WHAT THE EXERCISE ASKS
Every record should be written out exactly, with the pictures left out.

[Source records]
####################

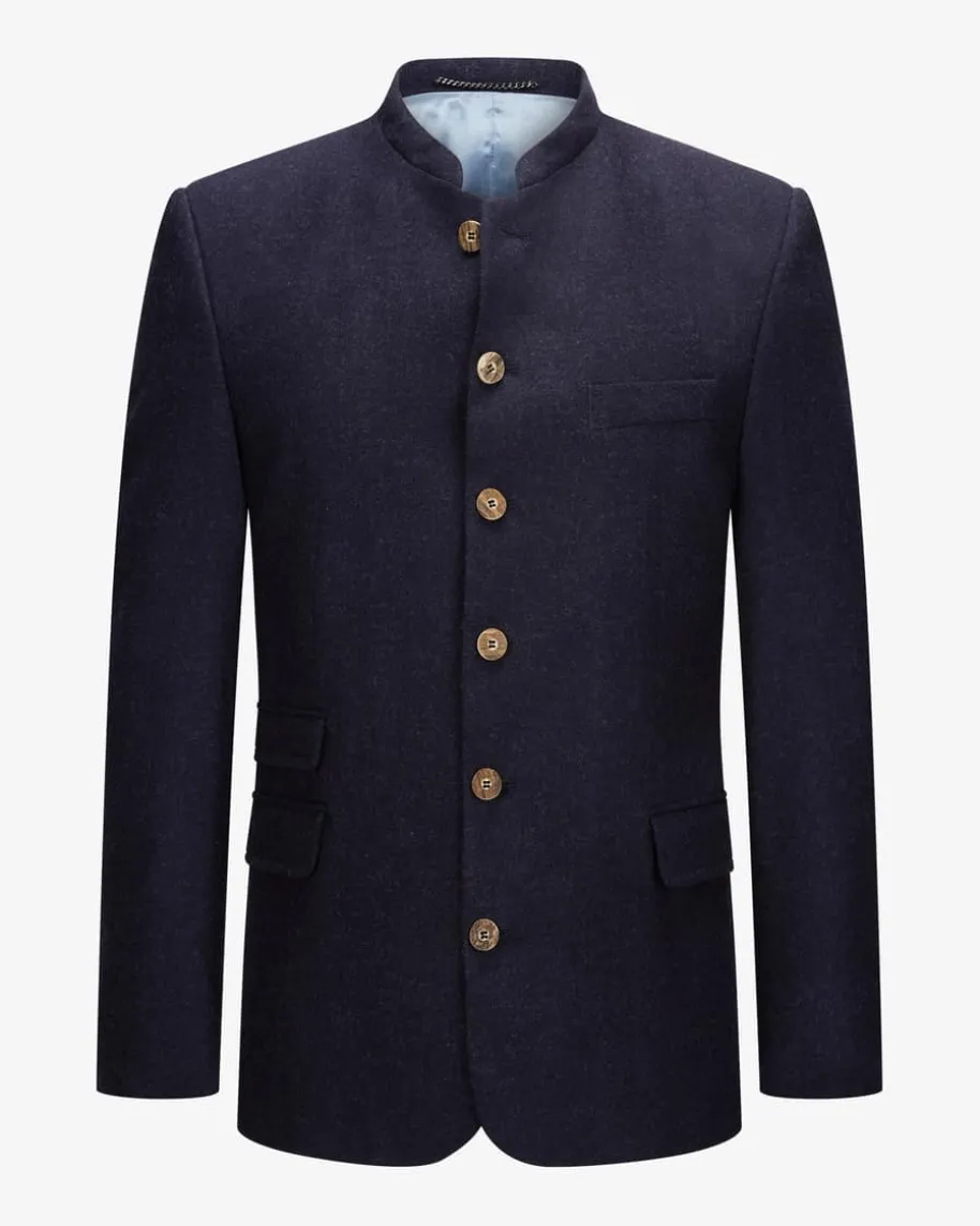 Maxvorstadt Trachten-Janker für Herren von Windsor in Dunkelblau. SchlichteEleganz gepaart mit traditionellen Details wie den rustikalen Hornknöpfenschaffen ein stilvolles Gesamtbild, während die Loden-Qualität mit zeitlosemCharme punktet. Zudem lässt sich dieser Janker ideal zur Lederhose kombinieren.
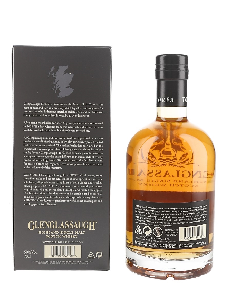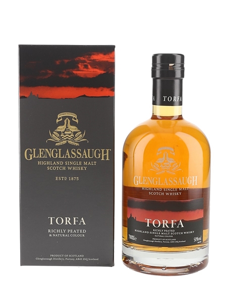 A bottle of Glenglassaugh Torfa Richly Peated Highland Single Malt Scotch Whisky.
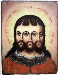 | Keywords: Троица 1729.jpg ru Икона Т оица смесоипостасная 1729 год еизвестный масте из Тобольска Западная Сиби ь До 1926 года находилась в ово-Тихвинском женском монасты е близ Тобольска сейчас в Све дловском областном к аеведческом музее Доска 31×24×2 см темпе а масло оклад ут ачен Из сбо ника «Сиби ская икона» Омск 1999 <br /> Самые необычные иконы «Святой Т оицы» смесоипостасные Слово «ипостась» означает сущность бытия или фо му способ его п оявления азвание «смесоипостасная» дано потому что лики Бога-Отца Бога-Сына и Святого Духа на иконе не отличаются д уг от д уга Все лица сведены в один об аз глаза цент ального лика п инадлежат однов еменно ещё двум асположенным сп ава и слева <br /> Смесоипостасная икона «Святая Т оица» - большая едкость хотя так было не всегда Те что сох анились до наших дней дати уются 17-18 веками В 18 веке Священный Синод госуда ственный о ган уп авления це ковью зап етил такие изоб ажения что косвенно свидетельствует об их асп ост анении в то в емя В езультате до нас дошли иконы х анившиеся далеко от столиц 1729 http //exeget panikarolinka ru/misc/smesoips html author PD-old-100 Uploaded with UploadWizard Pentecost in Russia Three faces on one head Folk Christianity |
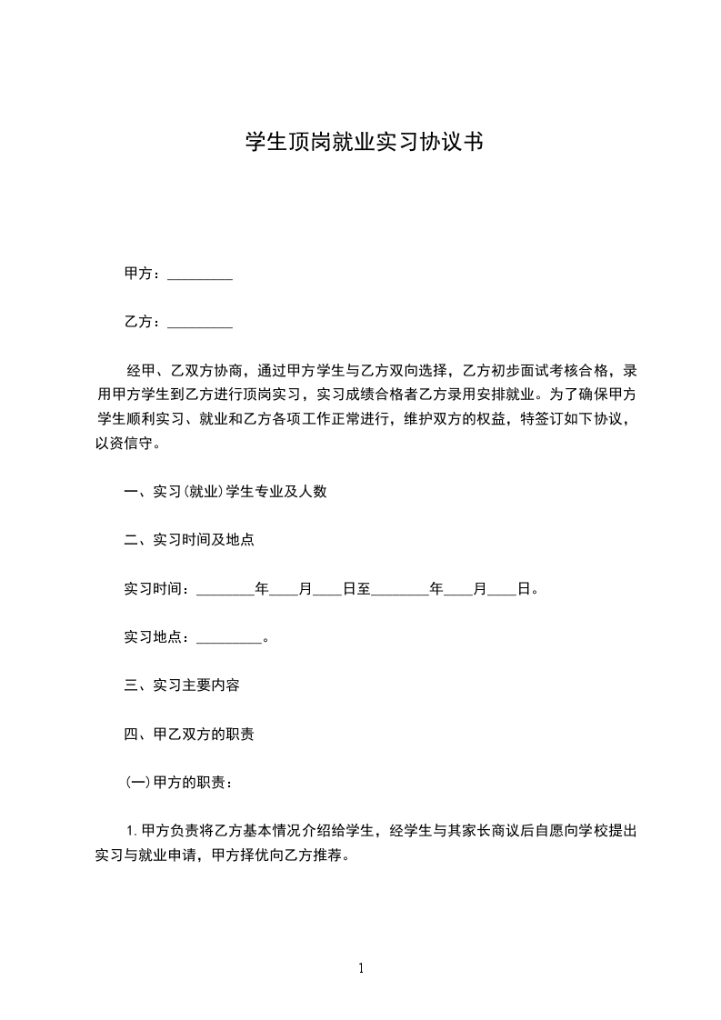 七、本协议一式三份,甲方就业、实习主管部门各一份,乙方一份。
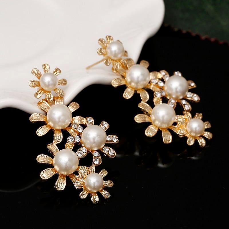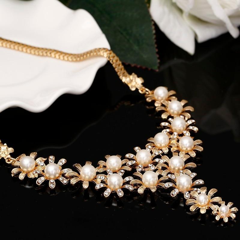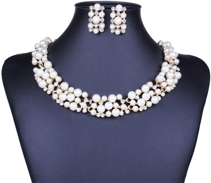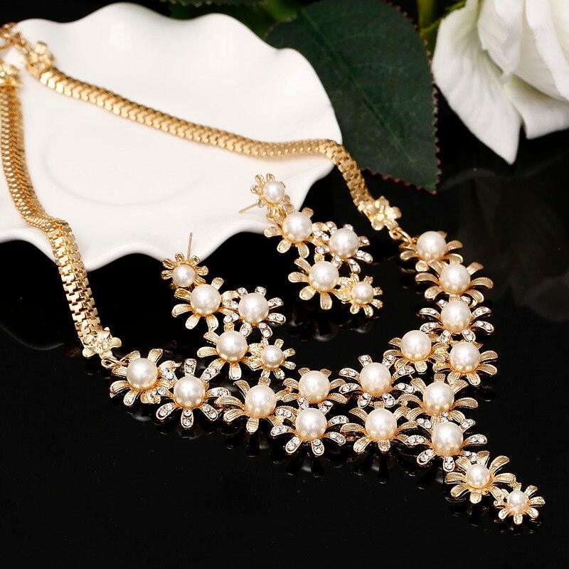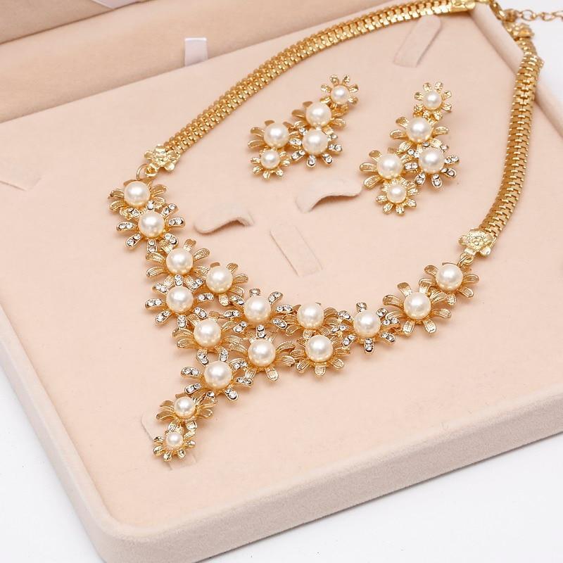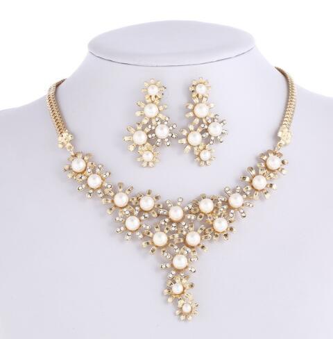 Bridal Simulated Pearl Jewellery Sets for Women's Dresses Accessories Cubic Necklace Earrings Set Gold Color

####################

RESPONSE BOX
 Maxvorstadt Trachten-Janker für Herren von Windsor in Dunkelblau. SchlichteEleganz gepaart mit traditionellen Details wie den rustikalen Hornknöpfenschaffen ein stilvolles Gesamtbild, während die Loden-Qualität mit zeitlosemCharme punktet. Zudem lässt sich dieser Janker ideal zur Lederhose kombinieren.
 A bottle of Glenglassaugh Torfa Richly Peated Highland Single Malt Scotch Whisky.
 | Keywords: Троица 1729.jpg ru Икона Т оица смесоипостасная 1729 год еизвестный масте из Тобольска Западная Сиби ь До 1926 года находилась в ово-Тихвинском женском монасты е близ Тобольска сейчас в Све дловском областном к аеведческом музее Доска 31×24×2 см темпе а масло оклад ут ачен Из сбо ника «Сиби ская икона» Омск 1999 <br /> Самые необычные иконы «Святой Т оицы» смесоипостасные Слово «ипостась» означает сущность бытия или фо му способ его п оявления азвание «смесоипостасная» дано потому что лики Бога-Отца Бога-Сына и Святого Духа на иконе не отличаются д уг от д уга Все лица сведены в один об аз глаза цент ального лика п инадлежат однов еменно ещё двум асположенным сп ава и слева <br /> Смесоипостасная икона «Святая Т оица» - большая едкость хотя так было не всегда Те что сох анились до наших дней дати уются 17-18 веками В 18 веке Священный Синод госуда ственный о ган уп авления це ковью зап етил такие изоб ажения что косвенно свидетельствует об их асп ост анении в то в емя В езультате до нас дошли иконы х анившиеся далеко от столиц 1729 http //exeget panikarolinka ru/misc/smesoips html author PD-old-100 Uploaded with UploadWizard Pentecost in Russia Three faces on one head Folk Christianity |
 七、本协议一式三份,甲方就业、实习主管部门各一份,乙方一份。
 Bridal Simulated Pearl Jewellery Sets for Women's Dresses Accessories Cubic Necklace Earrings Set Gold Color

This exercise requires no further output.